代わりに、心愛さんの母親にでもなったかのように、小言を言うのがすっかり板についていた。
杏奈ちゃんを叱る時はこんな感じなのだろうか?
「そ、それより心愛さん……。一つ気になってることがあるんですけど……」
ところが次の瞬間、和花は陰キャモードへと切り替わった。
和花の中には、ギャルモード、主婦モード、陰キャモードが、それぞれ別アプリみたいにインストールされているのかもしれない。
「カラーケアって、普段どうしてるんですか? ゴミの中にカラーシャンプーとか、それっぽいものが一つもなかったので」
「ん? あたし、そういうの使ってませんけど? ていうか、あたし染めてないし」
「「え?」」
俺と愛理もその答えに目を見開き、思わず声を上げた。
この鮮やかな赤髪が、地毛だというのか?
俺の胸中を読んだかのように、心愛さんが口を開いた。
「この髪色のせいでよく誤解されるんですけど、生まれつきなんです! うちのパパ、アイルランド人なんですよ」
「あ、ハーフなんですか?」
「いえ、母方のおじいちゃんも、国籍はよく分からないけど白人だったらしくて。
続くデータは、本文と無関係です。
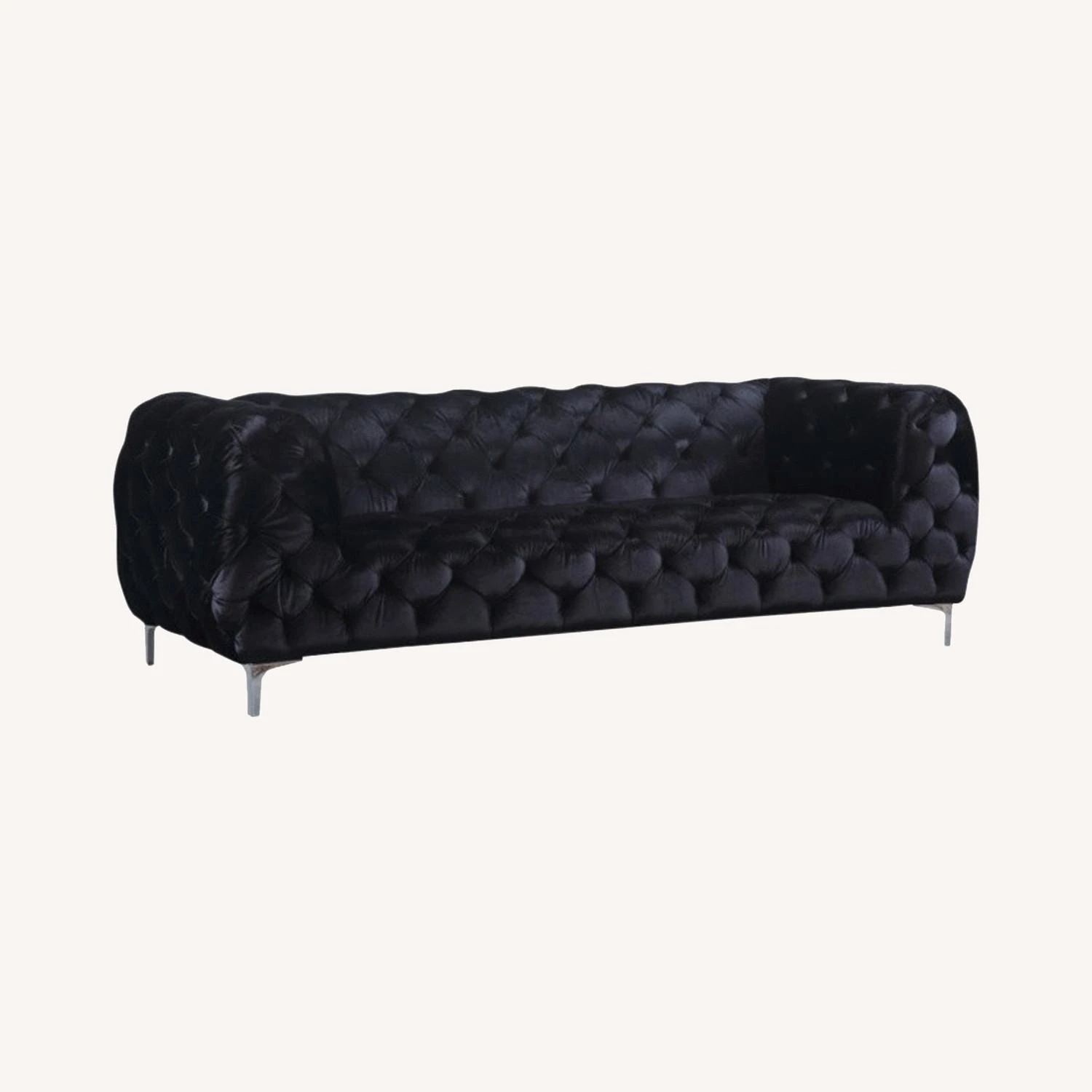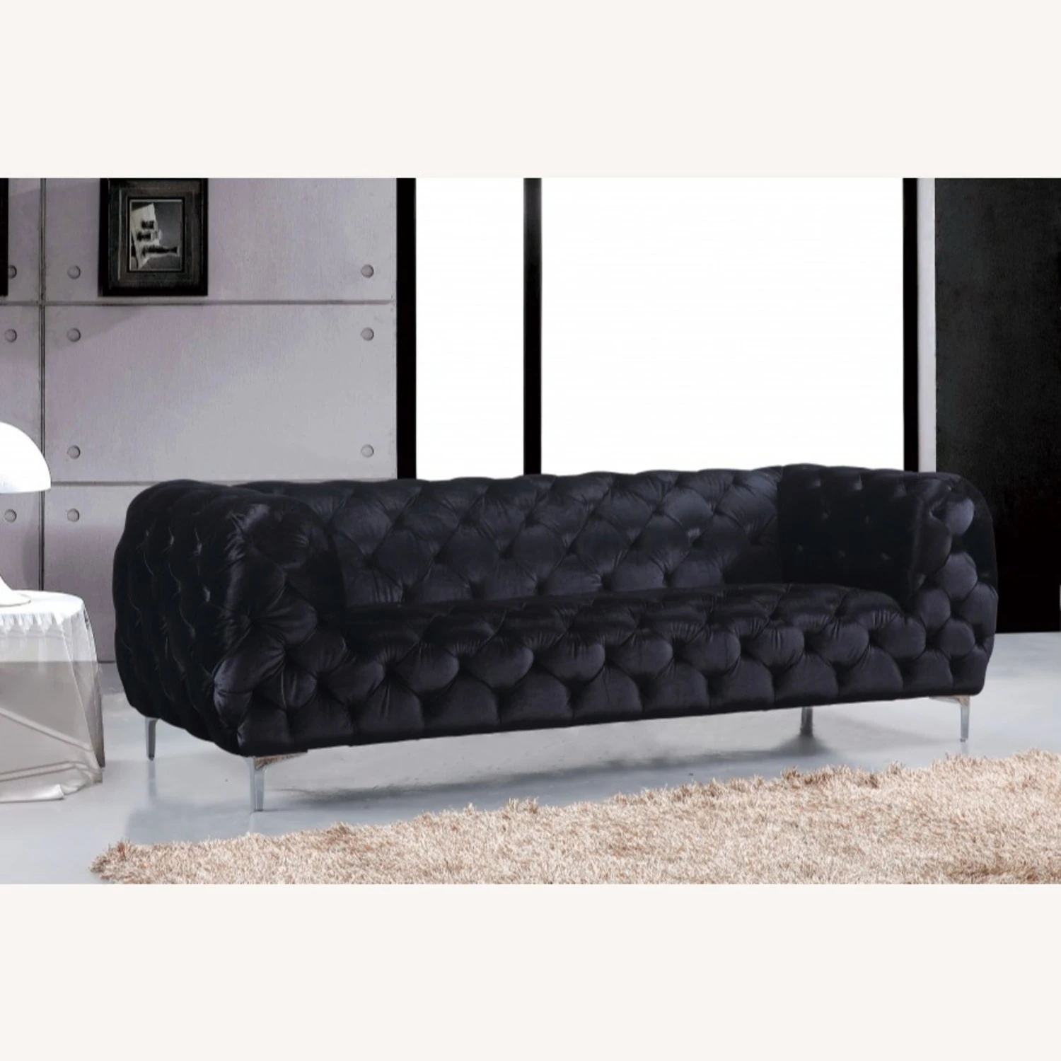 • Rich Velvet covers the plush, comfortable seat, padded with high-density foam and modern tufted design.

そういう言い方をするなら、正確にはスリークォーターですね」
つまり、日本人の血はたったの25%ということか。
それにしては顔立ちはかなり日本人寄りだ。
嘘をついているようにも見えないし、こんなことで話を盛る必要もない。
ただ、遺伝子の神秘に感心するばかりだった。
(こういうところも、天性のアイドル素質なのかもしれないな)
地雷系ファッションで身を飾らなくても、天然の赤髪というだけで十分に目を引くのだから。
愛理が小さく笑いながら尋ねた。
「それじゃあ美代子さん、そっちの毛も赤いの?」
「そっちの毛? ……ち、違いますから!? そ、そこまで赤くないですよ!!」
「へえ、じゃあ少しは——」
「うわ、うわあああ! 男の人もいるのに、この話題はもうやめてください!!」
「後で一緒にお風呂入ろっか、美代子さん」
「絶対に秘書さんとは入りませんから!! それに美代子じゃないです!!」
この会話は、聞かなかったことにしておいた。
◇
俺たちは再びハイヤーに乗り込み、ほどなくして現場に到着した。
幸い、和花の読み通り、遅刻は免れた。
マネージャーは心愛さんを見るなり、目を丸くした。
「なんか今日、普段よりずっとメイクも髪も自然じゃない?」
「実は、のどさんが手伝ってくれたんですよ! のどさん、すっごく器用なんです!」
「のどさん?」
心愛さんはにっこり笑うと、和花の肩をつかんでマネージャーの前へ押し出した。
和花は案の定、どうしていいか分からず慌てふためいていた。
「あ、えっと、そ、その……。こ、小森和花です」
「あ、深川さんの婚約者だとおっしゃっていた?」
「あ、は、はいっ! そ、そう——。痛っ!」
……今度はついに、舌まで噛んでしまった。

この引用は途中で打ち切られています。